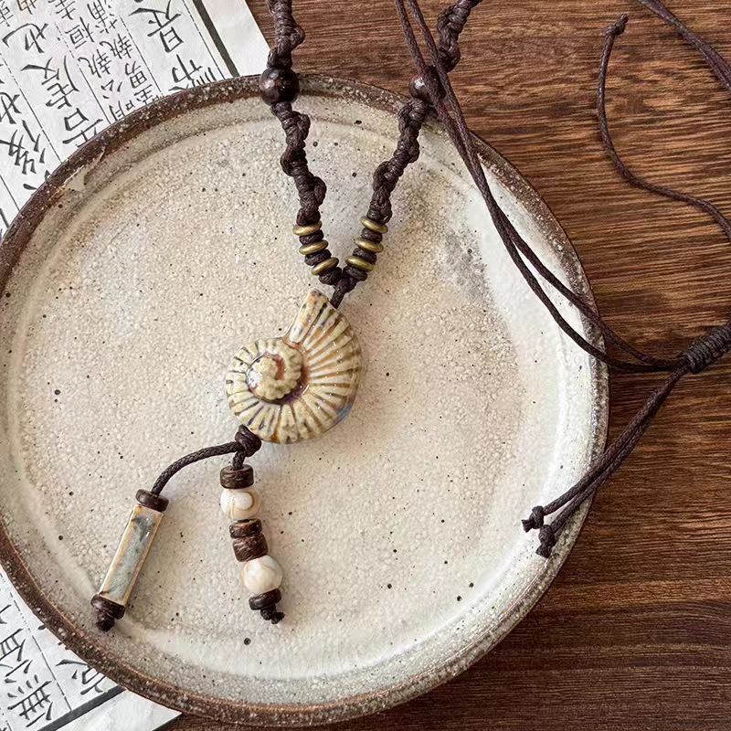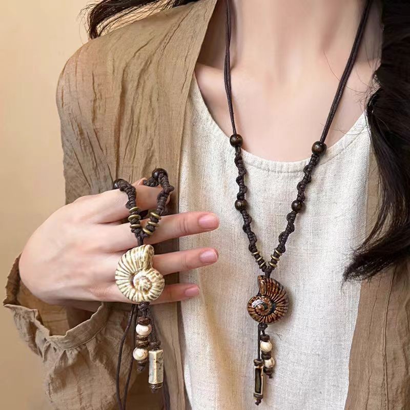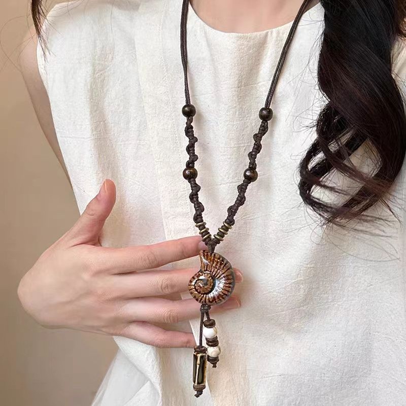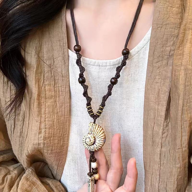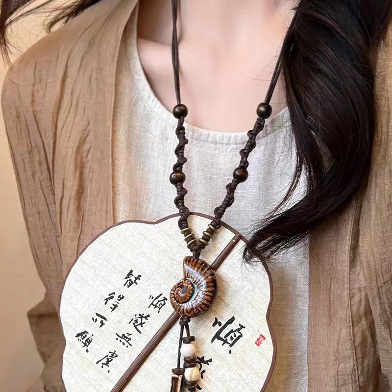 새로운 중국 스타일 세라믹 콘치 천연 석재 목걸이 여성용 빈티지 민족 스타일 목 액세서리 가을과 겨울 긴 모직 체인스토어 가기
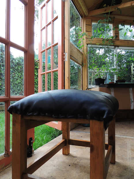 También hice el estrado cubierto de cuero que se muestra aquí especialmente para este summerhouse, también de madera recuperada. Que construyen también fue realmente gratificante. Por suerte, hay un Instructable separado sobre eso!
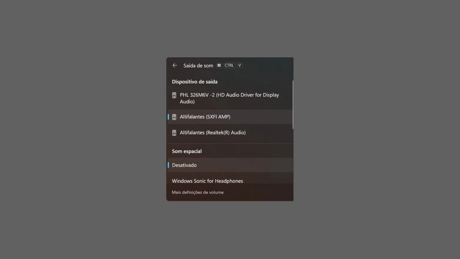 - Seleccione a Saída: Uma lista dos seus dispositivos de saída de áudio disponíveis será exibida.
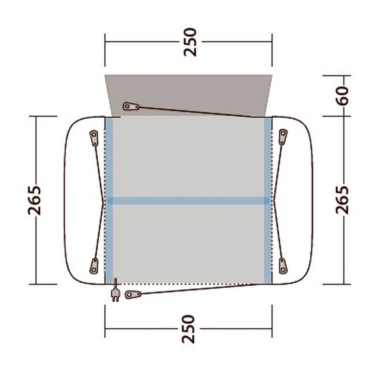 Das Outwell Crossville 250SA ist ein Busvorzelt, was parallel zum Bus steht. Es ist symmetrisch aufgebaut, was bedeutet, dass es an Vorder- und Rückseite je eine große Tür mit einem kleinen Schutzdach gibt. Die Vier-Schieber-Reißverschlüsse ermöglichen es, dass die Türen entweder halb oder ganz geöffnet werden können oder dass du nur die Tür wegrollst und die das dahinterliegende Moskitonetz als Schutz vor Insekten stehen lässt. Die zusätzliche Seitentür hat ebenfalls ein Moskitonetz hinter der Wand. Alle drei Türen können komplett weggerollt werden, so dass du einen optimalen Shelter für Feiern bei schönem Wetter hast. Das extra robuste Rip-Stop Material sowie die 6000 mm Wassersäule sorgen dafür, dass du auch bei schlechtem Wetter absolut geschützt in deinem Crossville 250SA bist. In der Schleuse, die durch 2 Türen betreten werden kann, sorgt die Bodenplane mit integriertem Zugluftstopper dafür, dass es im Zelt nicht zieht. Mit dem optional erhältlichen abgedunkelten Innenzelt kann zusätzlicher Schlafraum geschaffen werden. Damit dein Zelt ein noch wohnlicher wird, verfügt das Zelt über das HookTrackSystem. Dieses System bietet Dir vielseitige Möglichkeiten, Gegenstände oder Lampen aufzuhängen. Eine absolute Neuheit ist das Outwell Nightlight System.
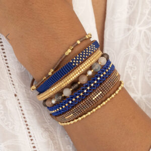 Onze handgeweven armband is ontworpen met kleine vergulde dooskralen. Draag alleen of als laagje als stapel.
+++
== What the task asks ==
Repeat exactly the lines from the first line of the records above through the line containing "- Seleccione a", both included. Leave out the pictures.

== Answer to this exercise ==
 새로운 중국 스타일 세라믹 콘치 천연 석재 목걸이 여성용 빈티지 민족 스타일 목 액세서리 가을과 겨울 긴 모직 체인스토어 가기
 También hice el estrado cubierto de cuero que se muestra aquí especialmente para este summerhouse, también de madera recuperada. Que construyen también fue realmente gratificante. Por suerte, hay un Instructable separado sobre eso!
 - Seleccione a Saída: Uma lista dos seus dispositivos de saída de áudio disponíveis será exibida.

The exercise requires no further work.